47 Ohio St. 3d 81 | Ohio | 1989
Lead Opinion
In Columbus v. Pub. Util. Comm. (1979), 58 Ohio St. 2d 103, 104, 12 O.O. 3d 112, 113, 388 N.E. 2d 1237, 1238, we held that this court will not disturb an opinion or order of the commission “where the record contains sufficient probative evidence to show that the commission’s determination is not manifestly against the weight of the evidence and is not so clearly unsupported by the record as to show misapprehension, mistake or willful disregard of duty.” The issue before this court is whether there is sufficient probative evidence in the record to support the commission’s allocation of sixty percent of the in
R.C. 4907.47 governs commission hearings on the subject of dangerous rail-highway grade crossings. Once the commission has determined that a crossing is “so dangerous as to require additional protective devices,” the statute requires that the commission apportion the cost of installing protective devices between the railroad and the public.
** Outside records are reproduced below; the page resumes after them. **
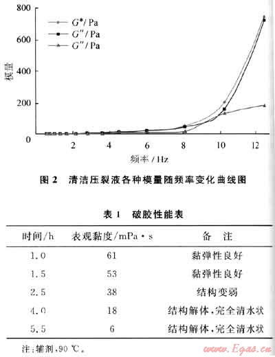 1) 室內實驗表明:清潔壓裂液彈性性能好、攜砂性能和破膠性能優良,具有低摩阻和低傷害、易返排的特點。
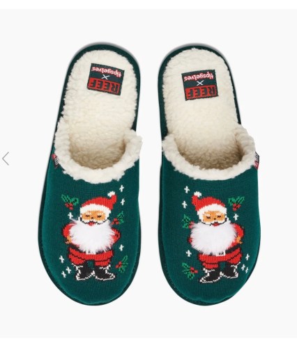 Reef X Tipsy Elves Holiday Slippers. Soft, cozy faux shearling lining, ugly sweater-esque top with festive funny message. $60 Shop Here: reef.com
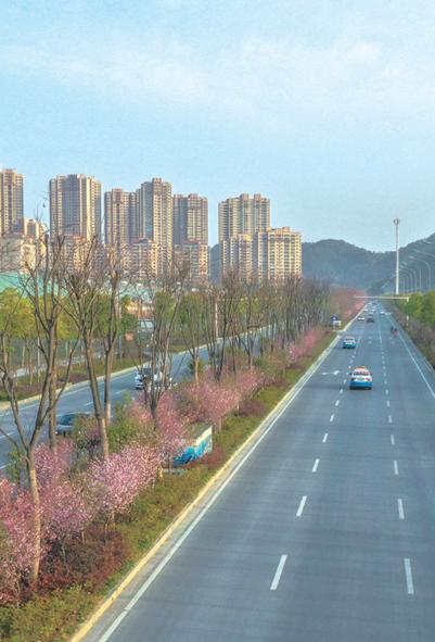 紫霄大道北起北京北路熊家湾转盘,南接林荫大道,全长5.4公里,道路两旁栽种有700株海棠,因而有“海棠大道”的美称。
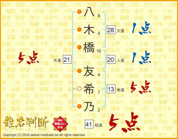 八(8画)木(4画)橋(16画) 友(4画)希(7画)乃(2画)
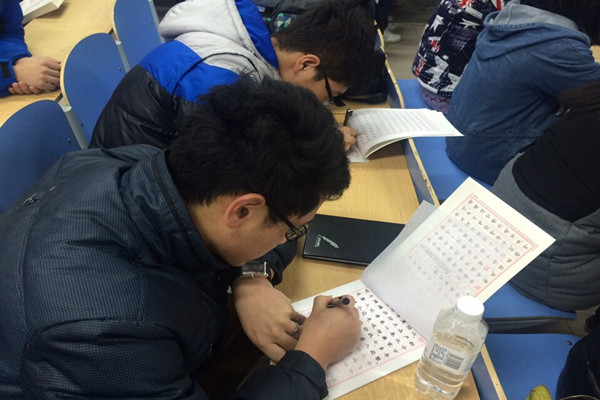 中国有句古话“人能写字,字能写人”,写字教学具有强大的潜在育人功能。为了规范同学们的书写,提高同学们的写字水平,增强同学们对祖国汉字文化的了解,文法学院于2014年12月22日18点进行硬笔书法练习活动。

The statute lists the factors which must be considered:
“In apportioning the cost of any such device the commission shall consider factors of volume of vehicular traffic, volume of train traffic, train type and speed, limitations of view and the causes thereof, savings, if any, which will inure to the railroad as the result of such installation, benefits to the public resulting from the reduction of hazard at the crossing, the probable cost of the installation, the future cost to the railroad of maintaining any such device, and any such other special factors and conditions as in the opinion of the commission are relevant. * * *” (Emphasis added.) R.C. 4907.47.1
Conrail contends that the commission’s allocation of forty percent of the installation costs to the railroad is unsupported by the record. It argues that the ninety percent-ten percent allocation recommended by the attorney examiner is the consequence of a “longstanding” rule which recognized that the motoring public is the primary beneficiary of grade crossing improvements. See Columbus v. New York Centred RR. Co. (July 12, 1963), PUCO No. 31,445, unreported, at 5 (“It is obvious that any benefit from a grade crossing installation accrues practically in its entirety to the traveling public and not to the railroad.”); see, also, New York, Chicago & St. Louis RR. Co. v. Pub. Util. Comm. (1964), 176 Ohio St. 81, 82, 26 O.O. 2d 377, 197 N.E. 2d 546, 547 (grade cross, ing protection is “provided largely to protect members of the public against the consequences of their own carelessness rather than to provide any tangible or intangible benefit to the railroad * * *”); Section 646.210(b) (1), Title 23, C.F.R. (ICC regulation declaring that “[p]rojects for grade crossing improvements are deemed to be of no ascertainable net benefit to the railroads * * *”). Conrail also argues that the commission improperly considered the availability of federal funds in arriving at the sixty percent-forty percent allocation. It cites Canton v. Norfolk & Western Ry. Co. (May 23, 1979), PUCO No. 77-897-RR-CSS, unreported, for the proposition that availability of public funds should have no bearing on the apportionment of costs under the statute.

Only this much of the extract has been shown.